Further tests indicate that fetching the context data for the page takes 0.65s, which is dominated by the fetch of the target data. However, from the start of the page load to the start of the template displaying the microlensing parameter data (the first checkpoint in the page template) took 1.15s. The major element unaccounted for between these checkpoints is a TOM templatetag that contacts the LCO Observe Portal to get the list of upcoming observations.

According to the timestamps, the template partial that displays the microlensing parameters (extra parameters) takes about 0.15s to render. This is currently being parsed both a target and the extracted target extra fields, but its calling the extra parameters from the target object rather than the data its being parsed.

Generating the custom photometry plot takes 0.3s, but the time gap between starting that function and starting the next templatetage (the PyLIMA model extraction) took 1.08s. The only action in the template in between is to load spectroscopy for the target, of which there isn't any, but an empty plotly plot is generated. This is a built-in templatetag from the Toolkit.
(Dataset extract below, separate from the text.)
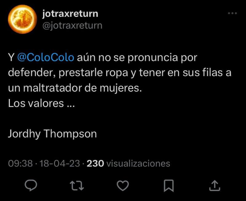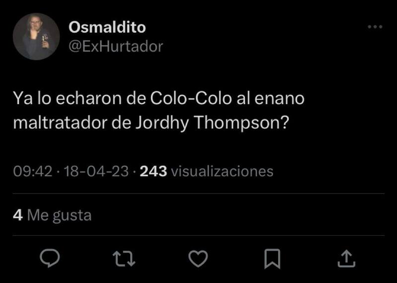 “¿Qué está esperando Colo Colo para echar a Jordhy Thompson”, “Jordhy Thompson no puede seguir en Colo Colo” y “Jordhy Thompson debería ser desvinculado de Colo Colo”, fueron algunos de los comentarios.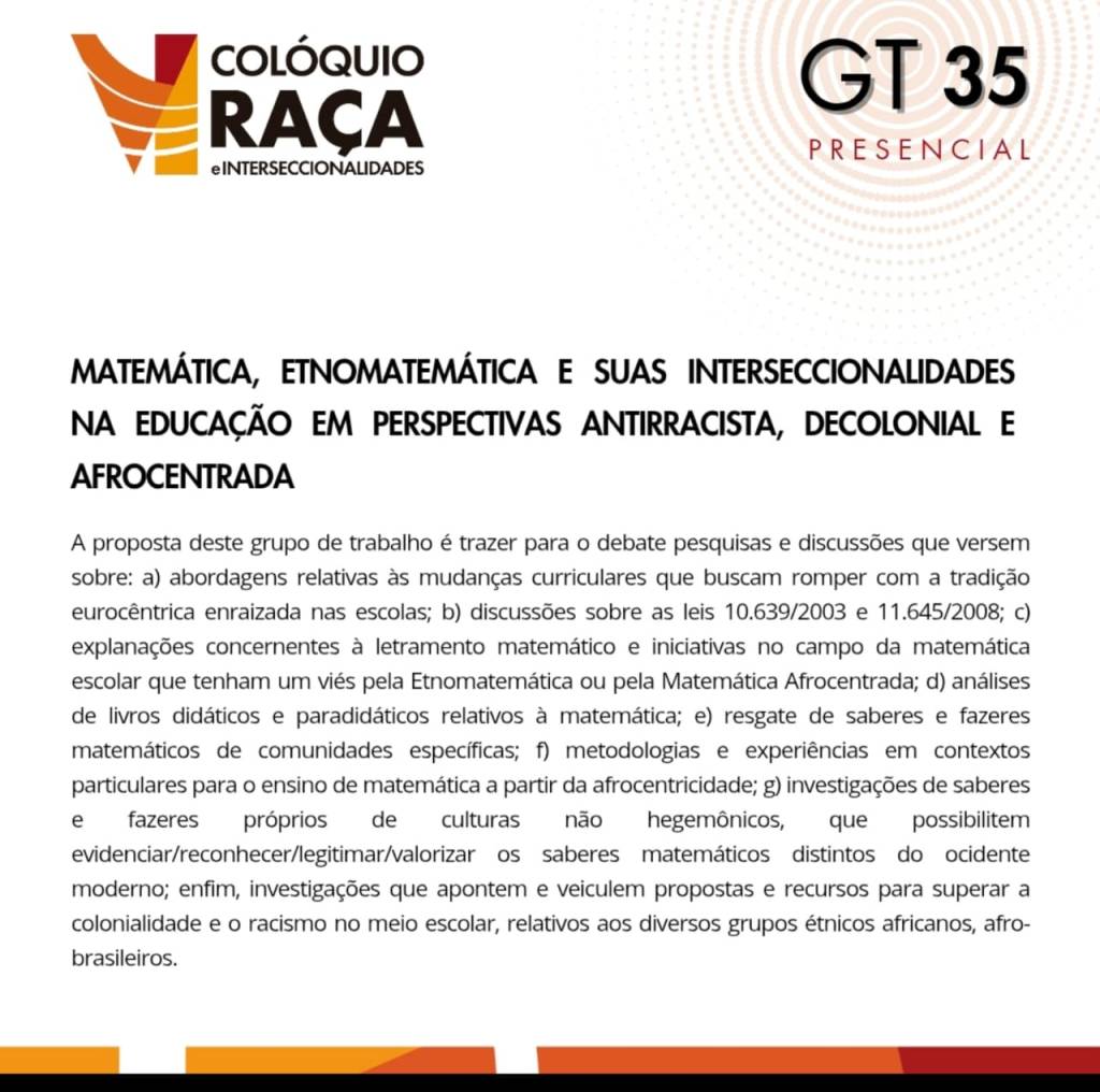 Tema: Matemática, Etnomatemática e suas interseccionalidades na Educação em perspectivas antirracista, decolonial e afrocentrada.

Plotting the lightcurve does cause a striking increase in the number of DB querysets, 71 to 151.

rachel3834 commented 5 months ago

I also investigated converting the classification form and template to use the Microlensing Event object but this is difficult because the associated form is built around a Target object, which will not validate if a Microlensing Event object is passed instead. Since the timedelta for this step isn't great, I'm holding off changing this for now.

The next most impactful change I can make would be to introduce asynchronous queries to the LCO portal etc.
Some of these queries (e.g. for pending observations) can be quite substantial for a high volume key project. But that's beyond the scope for this issue.